第I部 人口の減少、少子高齢化の進展など人口構造の変化に対応した国土交通行政の展開 

(交流人口の動向)

 交流人口には、様々な目的によるものが含まれるが、比較的統計が整っている観光目的の交流人口について、各県が集計する観光入り込み客数を集計すると、平成12年の我が国の延べ観光客数は、約23億人に上っている。一方、国内観光レクリエーションの参加回数を見ると、日帰り観光レクリエーションへの参加回数は増加してきているものの、休暇のとりにくさ等が原因となって、宿泊観光レクリエーションへの参加回数は、近年あまり変化が見られず、参加希望回数と大きな乖離が生じている。
 今後、学校週休二日制や休暇の取得等を含めた労働時間の短縮といった社会環境の変化、余暇活動の重視やマルチハビテーション(複数地域居住)など、ゆとりを求める価値観やライフスタイルの普及等により、交流人口の拡大が期待される。さらに、余暇時間の豊富な高齢者が今後取り組んでみたい活動としては、旅行の割合が高く、宿泊レクリエーションへの参加回数も高齢者の方が多くなっていること等から、高齢人口の増加は、更に交流人口を増加させる可能性が高い。
 また、国際観光旅行は世界的に見ると順調に増加しており、特に我が国を含む東アジア・太平洋地域における到着旅行者数は1995〜2000年では年平均約6%の伸びを示し、2000〜2010年にかけてさらに伸びが増加すると見込まれている。
 一方、我が国を訪れる外国人数の推移をみると、毎年、堅調に増加しているものの、平成13年には年間約500万人と国際的に見れば低水準で、日本人の海外旅行者数に比較して3分の1から4分の1に過ぎないというアンバランスな状態が続いている。このため、交流人口を増やし、地域社会の活性化と国際相互理解を図る上でも、訪日外国人観光客の増加は急務となっている。

 
図表I-3-3-1 アンバランスな日本の国際観光交流

平成13年に、日本から海外旅行に出掛けた人数は1622万人であったが、逆に、海外から日本に訪れた外国人旅行者数は477万人に留まった。
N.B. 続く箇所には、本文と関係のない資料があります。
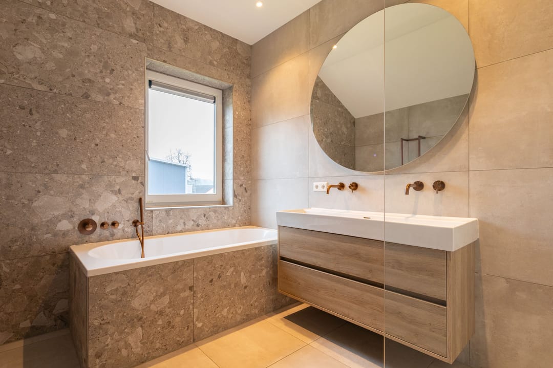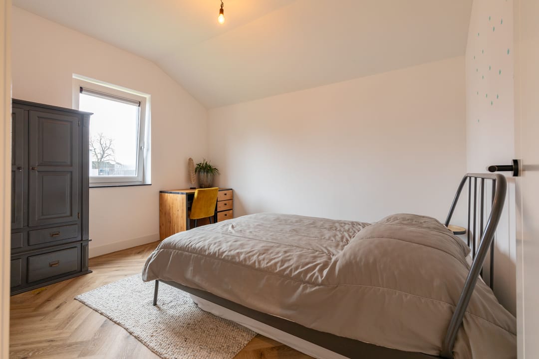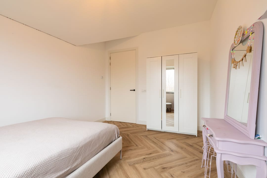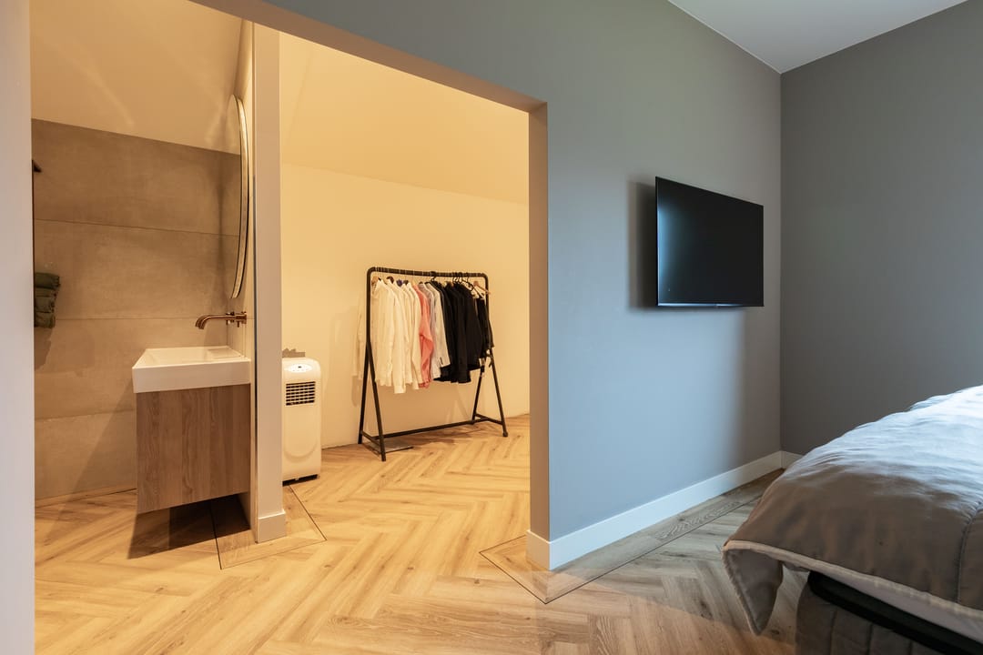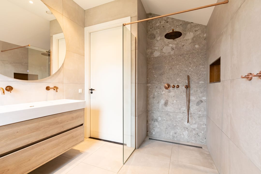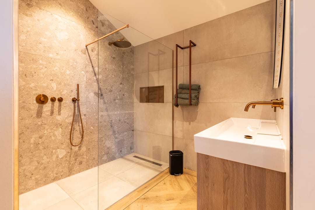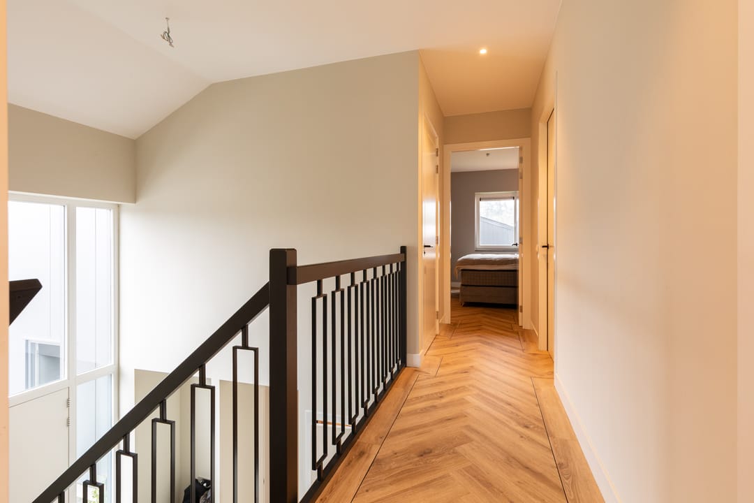 Op de eerste verdieping bevinden zich vier slaapkamers. De hoofdslaapkamer beschikt over een eigen badkamer met douche. Daarnaast is er een tweede, separate badkamer voor de overige slaapkamers met douche en ligbad. Beide badkamers zijn modern en luxe uitgevoerd met materialen van eikenhout, natuurstenen elementen en bronskleurige kranen. Op de overloop bevindt zich bovendien een apart toilet.

また、平成12年の旅行に関する国際収支は、日本から海外へは315億ドルの支払いが行われたことになるが、海外から日本へは、34億ドルの受取りに留まっている。

 
図表I-3-3-2 年齢別宿泊観光旅行の回数

年齢別宿泊観光旅行の回数は、60歳代が最も多く、年間平均約1.4回、続いて、20歳代後半、50歳代、70歳以上が約1.3回となっており、20歳以上で最も回数が少ないのは、30歳代後半の約1.0回となっている。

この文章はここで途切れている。